Intervista video a Donato Fanelli, coordinatore per l’Italia. Le convergenze con Spagna e Francia

Per la prima volta in Italia dopo diversi appuntamenti in Spagna, il gruppo di contatto internazionale uva da tavola  si è tenuto il 4 maggio scorso al Macfrut di Rimini. Al centro della riunione tra rappresentanti italiani, spagnoli e francesi le tematiche più urgenti sulle quali sollecitare l’attenzione dell’Unione europea.

Il coordinatore italiano, Donato Fanelli (alla guida dello specifico Comitato di prodotto dell’Organizzazione interprofessionale Ortofrutta Italia) ha anticipato a myfruit.it i temi da difendere e sviluppare insieme a Francia e Spagna.

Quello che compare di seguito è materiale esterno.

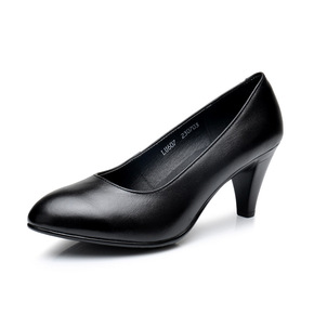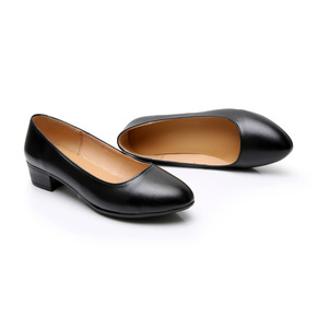 专注工作鞋30年 酒店工装鞋女黑色职业舒适高跟尖头...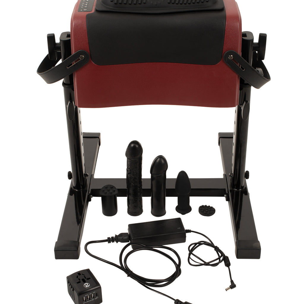 - The mains-powered fucking machine features a dotted vibro-pad seat and 3 attachments (2 vibrators, 1 butt plug) that can be combined in various ways for vibrating and penetrative fun.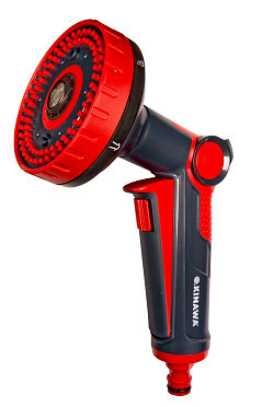 6 режимов распыления: тонкий туман (для обработки растений химикатами), плоская струя (мойка окон, автомобилей), центральная струя (мощный поток для полива), душ (мягкое орошение рассады), режим «Jet» (сильная струя для удаления грязи), режим «Full» (максимальный поток воды)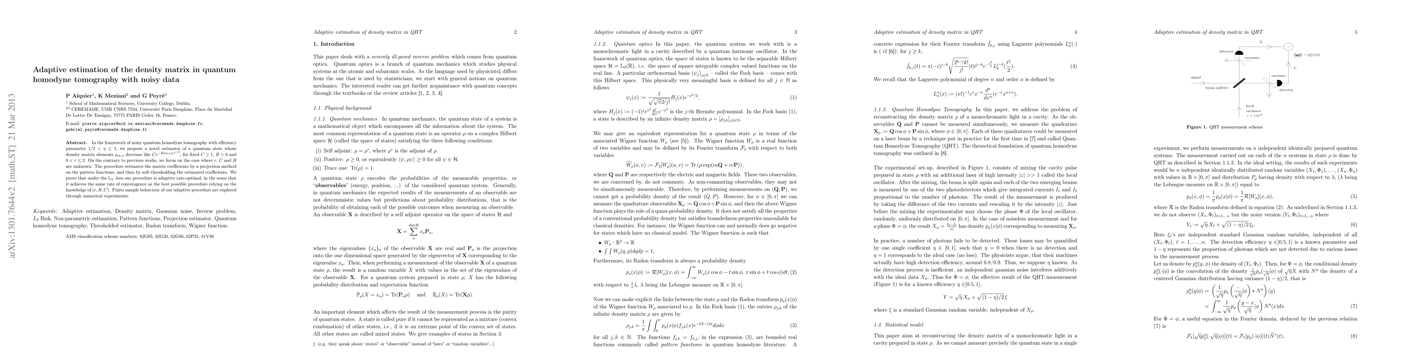 This paper proposes a novel adaptive estimator for quantum homodyne tomography under noisy conditions, focusing on unknown parameters. The method uses projection and soft-thresholding to estimate density matrix elements, achieving optimal convergence rates without prior knowledge of the parameters. Numerical experiments validate the finite sample performance of the proposed procedure.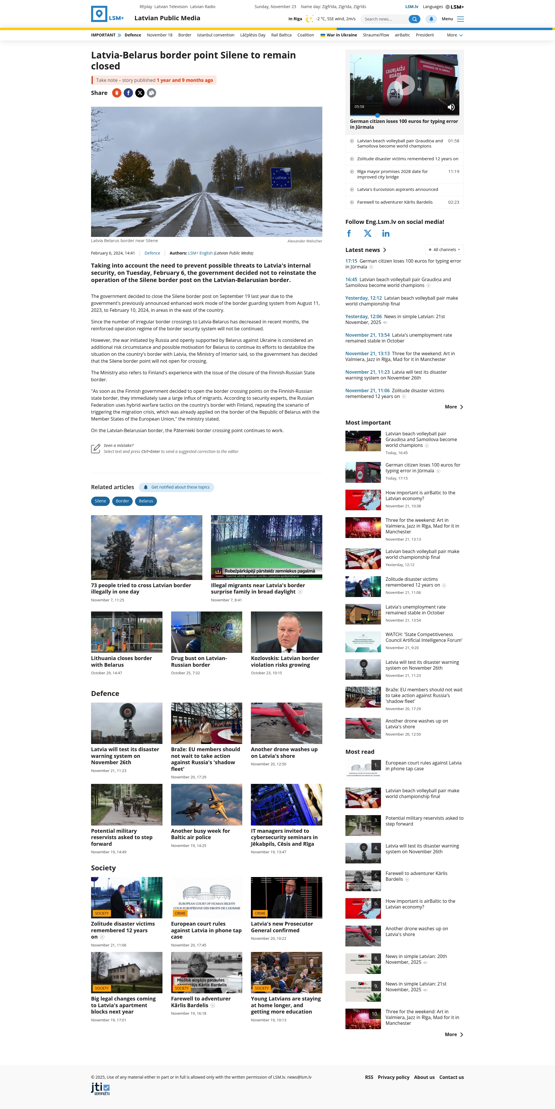 - "Taking into account the need to prevent possible threats to Latvia's internal security, on Tuesday, February 6, the government decided not to reinstate the operation of the Silene border post on the L..."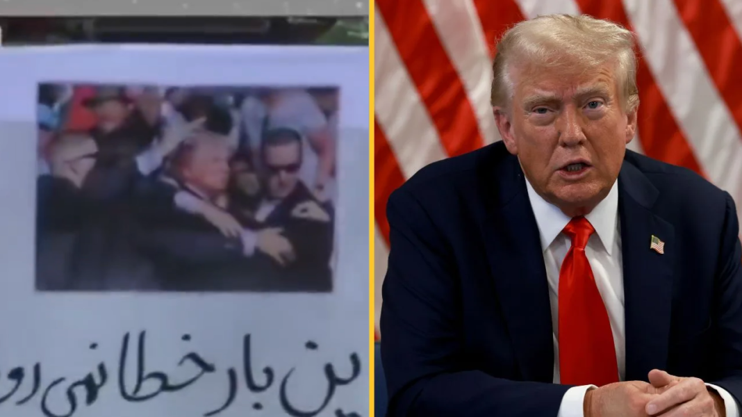 The footage aired by Iranian state media during a funeral ceremony in Tehran on Wednesdayn included an image referencing Trump’s 2024 assassination attempt, was broadcast among banners reading “Death to America”.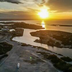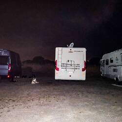 Nach unserer späten Ankunft gestern Abend haben wir uns auf dem großen Schotterplatz am Friedhof 🪦 positioniert, wo wirMeer informatie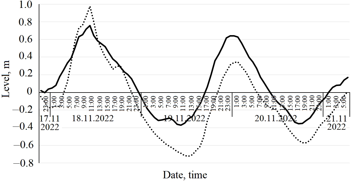 Fig. 5. Change in the water level at the hydrological station of Donskoy from 17 November 2022 to 21 November 2022. The dotted line is observations. The solid line is calculations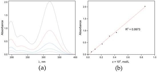 Metronidazole concentration evaluation: (a) UV-Vis spectra of the MTZ solutions; (b) calibration plot for the MTZ concentration evaluation (λmax = 319 nm).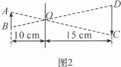 9. 新考向 跨学科 小孔成像是光在均匀介质中沿直线传播形成的一种物理现象。两千四百多年前,我国学者墨子就在《墨经》中记载了小孔成像实验的做法与成因,图1是某次小孔成像实验图,抽象为数学问题如图2:$AC与BD交于点O$,$AB // CD$。若点$O到AB的距离为10cm$,点$O到CD的距离为15cm$,蜡烛火焰$AB的高度是3cm$,则蜡烛火焰倒立的像$CD$的高度是 (

Quattro i punti su cui intende lavorare l’Italia, che Fanelli ha illustrato: “Innanzitutto la proiezione dei dati 2023 relativi a ettari e produzione (con il sorpasso della superficie dedicata alle uve seedless rispetto alle tradizionali, ndr); in secondo luogo l’armonizzazione fitosanitaria, con l’auspicio di una linea comune europea, soprattutto in fase di importazione da Cile e Sudafrica; poi, l’apertura di nuovi mercati e la necessità di non procedere con distinti dossier per ogni singolo paese e, per finire, una posizione unitaria (come principali paesi produttori di ortofrutta) verso il nuovo regolamento Ue sugli imballaggi in plastica“.

Sul secondo e sul quarto punto in particolare le posizioni sono simili, per gli altri sicuramente saranno probabilmente necessari alcuni aggiustamenti. Prossimo appuntamento a Madrid durante Fruit Attraction 2023.